The one thing I don’t like about our offices is the bathrooms. I detest that there are no paper towels or air dryers for drying your hands, but rather those big, grody spools of cloth towels that you roll out like a mangy vertical conveyer belt. They remind me of the ’70s—when they should have been put to rest with polyester pantsuits—and make me feel so skeeved out that I want to wash my hands all over again.
I also hate that there are just two bathrooms, one for the men and one for the women. While I’m happy that men handily outnumber women in the office, the men will often use the ladies’ room. Yes, they’re marked—with those international symbols for “man” and “woman” that I needed to confirm when I first started to make sure everyone wasn’t laughing at me for using the men’s room. But this doesn’t deter the men. Nope, they’ll go into the women’s room, piss all over the floor, leave the seat up, leave the light on, and then barrel out of there like they were using a porta-potty at a Radiohead concert.

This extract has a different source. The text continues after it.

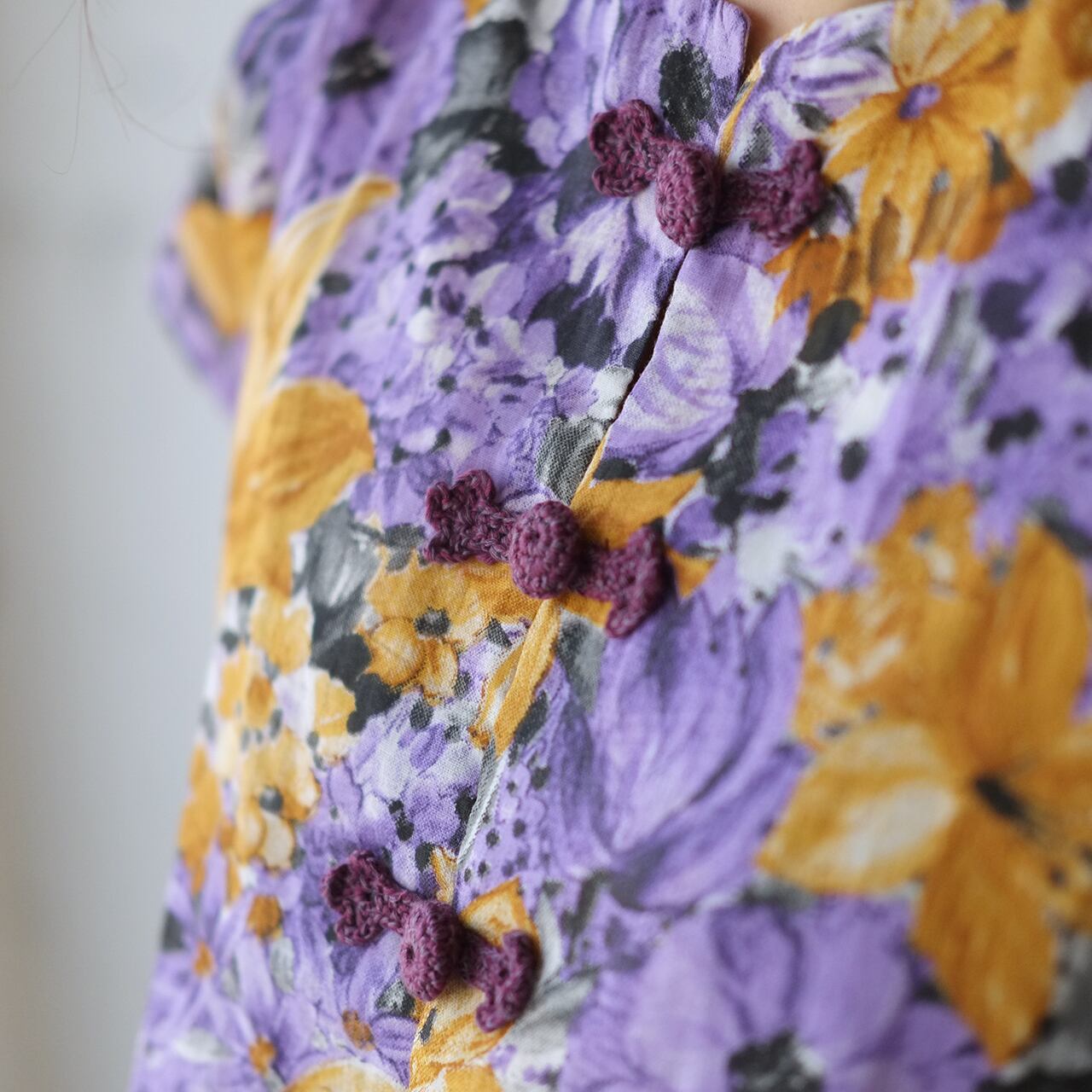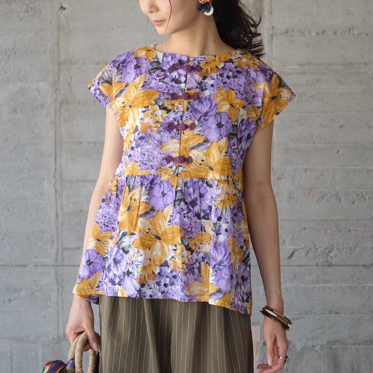 チャイナボタン裾フレアブラウス(22s-13)パープル

Sometimes they even drop their babies off at the pool.
Now, as far as I’m concerned going number two is something that should be done in the privacy of your own home. Unless something you ate for lunch doesn’t agree with you. Maybe I’m being prissy, but I think it’s a courtesy to your fellow colleagues not to pollute the shared bathroom. To each their own, but c’mon.

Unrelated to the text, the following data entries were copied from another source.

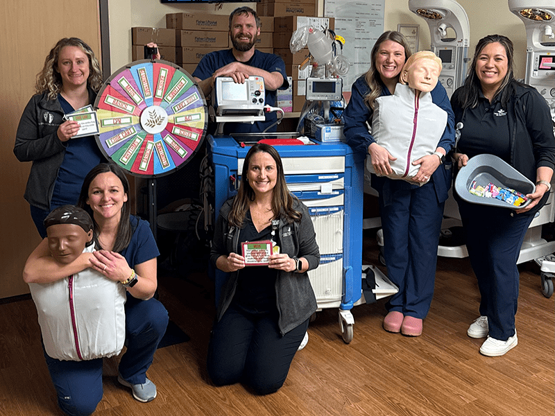 A customizable wheel is used to assign topics such as ACLS, PALS, and OB emergencies. Learners respond to scenario-based prompts tied to each category, reinforcing clinical knowledge, prioritization, and team discussion in an interactive format.
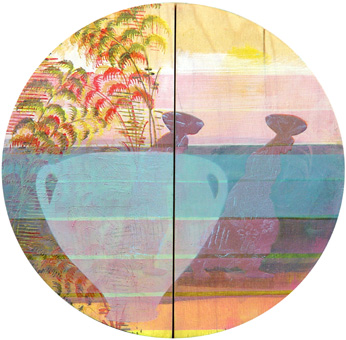 ohne titel, 2003, öl, eitempera auf holzkörper, d = 30 cm, € 400.- |
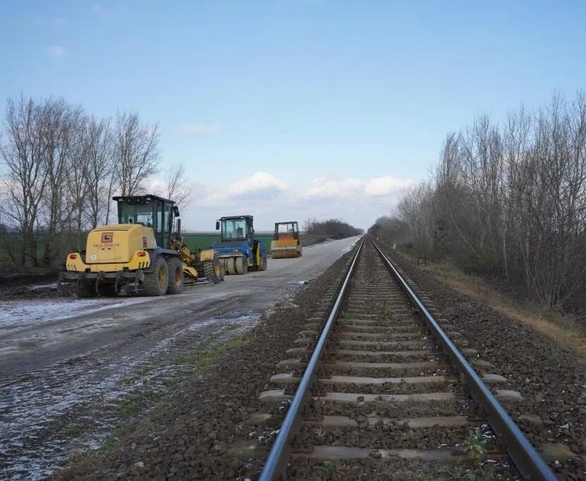 目前,匈牙利已十分寒冷,但在位于首都布达佩斯以南20多公里的匈塞铁路匈牙利段陶克绍尼站建设工地上,紧张有序的施工仍在火热进行。工程车在积雪路面上作业,工人们正在将旧钢轨拆除,待铺装的新钢轨和新轨枕已摆放在铁路沿线。

This morning, I needed to wash my water glass but both bathroom doors for the ladies’ room were closed (there is one outer door, and another floor-to-ceiling stall door). I knew some dude was in there, taking a dump, I just knew it. So I sat outside and waited. Sure enough, after a few minutes, some guy who I had never seen before came out, quickly averted his gaze, and hurried by. God, it stank. Disgusting. Then I saw this guy being lead into a meeting. So not only did he take the liberty of taking a crap in the ladies’ room, but he’s not even an employee. Can you imagine going to an office for an appointment and doing your business in the bathroom before you’ve done proper business in the conference room?? How could he not be horrified? Gawd.